У Томы есть сын? Как интересно! Впрочем, какое мне дело до ее семьи…
Они поравнялись со мной, и мальчик — насупившийся, хмурый — скользнул по мне взглядом обиженного на весь мир подростка. А мое сердце пропустило удар — показалось, что я встретила Данилу помладше. Вот просто один в один — голубые глаза, как теплые дальневосточные ключи, прямой нос, пухлые губы, поджатые точно так же, как делает это мой Беркут, злясь.
Я машинально улыбнулась мальчику, а потом меня пронзила догадка. Данила похож на отца. И этот мальчик тоже.
У Томы сын от Алексея Павловича!
Боже ты мой, еще один ребенок… Еще один претендент на наследство. Еще один подозреваемый. Ой! Нет, нельзя подозревать семиклассника! Скорее уж Тому. Хотя она, по моим наблюдениям, олигарха любила. Замуж за него не вышла, но любила совершенно точно.
В общем, это ценное наблюдение. Не зря я осталась в гостинице одна, не зря отослала Костю. Вот только с кем поделиться этим наблюдением? Даниле сказать? Наверняка он знает про единокровного братика. Адвокату? Типа он не знает, ага. Нет, никому пока говорить не буду. Сначала нужно подождать оглашения завещания. Там точно вскроются интересные подробности.
— Ева Станиславовна!
Костя спешил ко мне через улицу с пакетом в руках. С фирменным пакетом из кондитерской, запыхавшийся, обеспокоенный.

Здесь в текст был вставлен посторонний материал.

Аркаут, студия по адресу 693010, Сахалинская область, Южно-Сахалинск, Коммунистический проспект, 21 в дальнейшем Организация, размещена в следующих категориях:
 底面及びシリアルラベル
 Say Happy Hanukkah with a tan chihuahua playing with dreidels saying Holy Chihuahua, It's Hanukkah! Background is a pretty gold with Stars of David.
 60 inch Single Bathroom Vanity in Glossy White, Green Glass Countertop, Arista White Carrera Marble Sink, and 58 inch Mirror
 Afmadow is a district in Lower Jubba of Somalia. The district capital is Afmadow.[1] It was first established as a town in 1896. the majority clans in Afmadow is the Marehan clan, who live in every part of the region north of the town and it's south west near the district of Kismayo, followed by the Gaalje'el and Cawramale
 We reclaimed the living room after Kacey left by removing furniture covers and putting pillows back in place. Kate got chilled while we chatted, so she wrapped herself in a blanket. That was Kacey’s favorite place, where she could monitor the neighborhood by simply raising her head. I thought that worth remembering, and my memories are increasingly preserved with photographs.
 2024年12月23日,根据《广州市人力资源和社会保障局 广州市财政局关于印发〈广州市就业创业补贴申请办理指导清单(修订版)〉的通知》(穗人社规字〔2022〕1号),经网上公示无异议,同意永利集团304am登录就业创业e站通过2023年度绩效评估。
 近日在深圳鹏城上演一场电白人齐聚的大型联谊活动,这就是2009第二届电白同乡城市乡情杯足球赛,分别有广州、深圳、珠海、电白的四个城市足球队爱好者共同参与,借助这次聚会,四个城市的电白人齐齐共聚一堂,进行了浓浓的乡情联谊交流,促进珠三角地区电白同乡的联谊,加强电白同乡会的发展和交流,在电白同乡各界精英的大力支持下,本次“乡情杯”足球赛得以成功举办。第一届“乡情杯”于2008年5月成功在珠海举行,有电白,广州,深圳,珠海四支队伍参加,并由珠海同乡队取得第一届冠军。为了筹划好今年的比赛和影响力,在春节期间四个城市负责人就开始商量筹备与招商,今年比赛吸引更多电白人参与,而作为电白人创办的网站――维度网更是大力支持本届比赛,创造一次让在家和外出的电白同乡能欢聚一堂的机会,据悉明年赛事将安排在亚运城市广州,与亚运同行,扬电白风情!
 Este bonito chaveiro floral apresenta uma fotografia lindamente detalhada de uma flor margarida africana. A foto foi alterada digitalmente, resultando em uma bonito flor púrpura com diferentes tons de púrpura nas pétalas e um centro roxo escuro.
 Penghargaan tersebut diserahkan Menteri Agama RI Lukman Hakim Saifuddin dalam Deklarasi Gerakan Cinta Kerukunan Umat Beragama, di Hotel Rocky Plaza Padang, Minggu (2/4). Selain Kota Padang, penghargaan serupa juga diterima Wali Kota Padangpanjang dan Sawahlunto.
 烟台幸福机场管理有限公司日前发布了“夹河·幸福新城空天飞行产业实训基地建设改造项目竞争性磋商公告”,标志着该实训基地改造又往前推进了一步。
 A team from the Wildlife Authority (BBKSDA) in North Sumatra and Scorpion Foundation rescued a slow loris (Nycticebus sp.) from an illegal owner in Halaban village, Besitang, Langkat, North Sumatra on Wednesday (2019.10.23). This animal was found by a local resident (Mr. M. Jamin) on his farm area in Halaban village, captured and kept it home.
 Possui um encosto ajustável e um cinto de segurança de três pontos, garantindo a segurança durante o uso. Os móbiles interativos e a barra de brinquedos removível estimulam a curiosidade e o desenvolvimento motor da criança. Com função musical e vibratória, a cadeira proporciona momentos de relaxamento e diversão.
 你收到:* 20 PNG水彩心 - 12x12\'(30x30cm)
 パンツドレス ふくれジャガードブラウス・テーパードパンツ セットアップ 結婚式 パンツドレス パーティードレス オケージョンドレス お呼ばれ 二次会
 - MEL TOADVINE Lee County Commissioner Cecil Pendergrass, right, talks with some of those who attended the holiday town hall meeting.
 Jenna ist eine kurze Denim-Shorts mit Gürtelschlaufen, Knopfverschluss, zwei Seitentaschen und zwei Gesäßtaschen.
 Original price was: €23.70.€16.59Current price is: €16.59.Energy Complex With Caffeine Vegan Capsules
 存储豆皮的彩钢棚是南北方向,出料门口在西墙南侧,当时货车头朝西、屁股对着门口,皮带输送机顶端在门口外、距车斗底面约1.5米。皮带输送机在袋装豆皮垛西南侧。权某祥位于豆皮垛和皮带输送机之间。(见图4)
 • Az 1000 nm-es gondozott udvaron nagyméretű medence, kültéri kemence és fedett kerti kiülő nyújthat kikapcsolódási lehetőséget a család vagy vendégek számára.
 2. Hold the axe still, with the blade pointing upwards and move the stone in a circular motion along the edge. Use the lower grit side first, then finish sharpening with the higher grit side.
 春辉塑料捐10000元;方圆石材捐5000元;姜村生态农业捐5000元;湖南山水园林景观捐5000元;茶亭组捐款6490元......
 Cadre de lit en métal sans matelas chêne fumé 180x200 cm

Я аж умилилась. Ты ж мой хороший! Подумал, небось, что я уже в такси прыгнула и была такова. А ему ехать виниться перед Беркутом. За это встретила парня широкой улыбкой и укоризненным замечанием:
— Костя, нельзя же настолько не доверять людям.
— Простите, я не об этом. Звонила Эллина Алексеевна, она в слезах, сказала, что Дарью Алексеевну забрали в больницу по Скорой, а Данилу Алексеевича увезли обратно в СИЗО.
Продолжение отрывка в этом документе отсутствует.